その点、黒髪と黒い瞳のイディンがカドリアーナ共和国に拾われて来たのは強運だったとしか云いようがない。


ただ、魔力が強い故の宿命からは如何に強運とて逃れることが出来なかった。

生まれながらに強い魔力を持つ者は短命。


成長途中で魔力の暴発を起こし身体が耐えられず死に至る。

普通、体内の魔力が飽和状態になると自己放出し、魔素に回帰するのだが、成長期になると飽和点が曖昧になり際限なく魔力を溜め込み暴発に繋がるのだ。


ロキルとティファンもそれを危惧し対策は考えていたが、二人の考察していた時期よりも早く、しかも目の届かない場所でイディンの暴発は起きた。



『ティー、ラキスといつもの森にいってきまーす』


齢十一歳のイディンは、いつもと変わらず元気に外出を告げた。

ラキスことミュラキスはドラゴンの血を引く少年でイディンと一番仲が良い。

近くにあるクジュの森でいつも遊んでいた。


『ディン。気を付けていってらっしゃい。ロキが帰ってくる日だから早めに帰ってきてね』


『ロキが?!じゃぁ、早く帰ってくるっ』


相変わらずの元気なイディンの姿にティファンは笑顔で見送った。

だが、イディンとティファンの会話は、それが最後になる。



早く帰宅したロキルが偶にはイディンを迎えに行こうと出掛けたが、程無くして慌ただしく動力塔に帰ってきた。

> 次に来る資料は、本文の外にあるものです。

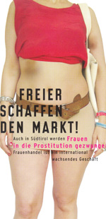 LPA - Frauenhandel ist die moderne Form der Sklaverei. Mit einer Kampagne will der Landesbeirat für Chancengleichheit auch in Südtirol auf das durch die Prostitution wachsende internationale Geschäft mit dem Frauenhandel aufmerksam machen. Beiratspräsidentin Julia Unterberger und ihre Stellvertreterin Alessandra Spada stellen die Kampagne am Donnerstag, 25. November 2004, am Welttag gegen Gewalt an Frauen, im Palais Widmann in Bozen vor.

大切気にイディンを抱えた様子を見て状況を把握したティファンは涙を溜め、ぐったり目を閉じているイディンの頬を撫でた。


『最悪な状況になったのね・・・』


『ああ・・・聖なる泉へ行ってくる』


ロキルが聖なる泉へと姿を消した後、ティファンは入れ替わる様に訪れたミュラキスと父親バダクシャから事の次第を聞く事となる。


イディンと出掛けたミュラキスは森に入った所で成長期特有の魔力の暴発が起きてしまった。

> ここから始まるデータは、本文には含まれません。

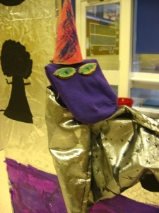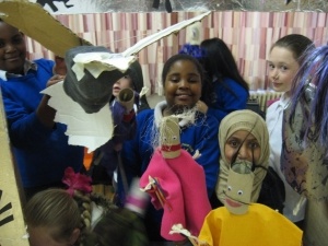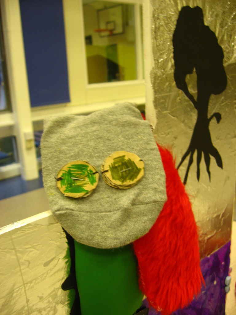 - Marionnettes en chaussettes (chaussette, tissu, carton, feutres et agrafeuse)

とは言っても、人族では無いミュラキスの暴発は激しい震えと痙攣、そして一気に魔力の放出をすると虚脱感から眠りに落ちるだけだ。


しかし、側にいたイディンに異変が起きる。

一気に放出された魔力にあてられ、体内の魔力器官が魔力の枯渇を感じ周囲の魔素を吸収し始めた。

際限なく吸収される魔素は魔力へと変換され体内に蓄積されていく。

そして、まだ幼いイディンの身体はそれに耐えきれず倒れた。


『僕・・・し、しばらく出掛けたらダメだって・・言われてたのに・・・ごめんなさい・・・』


ミュラキスは号泣すると崩れる様に倒れ眠りの底に沈んだ。



一方、聖なる泉では、部屋の中央にある泉にイディンが寝かされていた。


『どれほどの時間がかかるか判らんぞ、十年百年・・・それ以上かもしれぬな』


長い髪を床に散し這わせた姿の少年がロキルを見る。


『俺もティファも覚悟している。リペア、イディンを頼む』


『最善を尽くそう・・・安心して妾に任せておくがいい』


リペアと呼ばれた少年は自信の身体を浮かせるとイディンの頭上へ移動した。



その後六十九年間イディンは聖なる泉で眠り続ける事となる。


イディンが目覚める二十二年前に、大賢者ロキルと聖母ティファンがカドリアーナ共和国から姿を消し消息不明。


その後彼が目覚めるまでの間、共和国の維持と大陸の管理はミュラキスが、後悔の念を胸に懸命に代理をしたのだった。


長い説明話ばかりになってしまってます。

今回も読んで頂き有難うございました。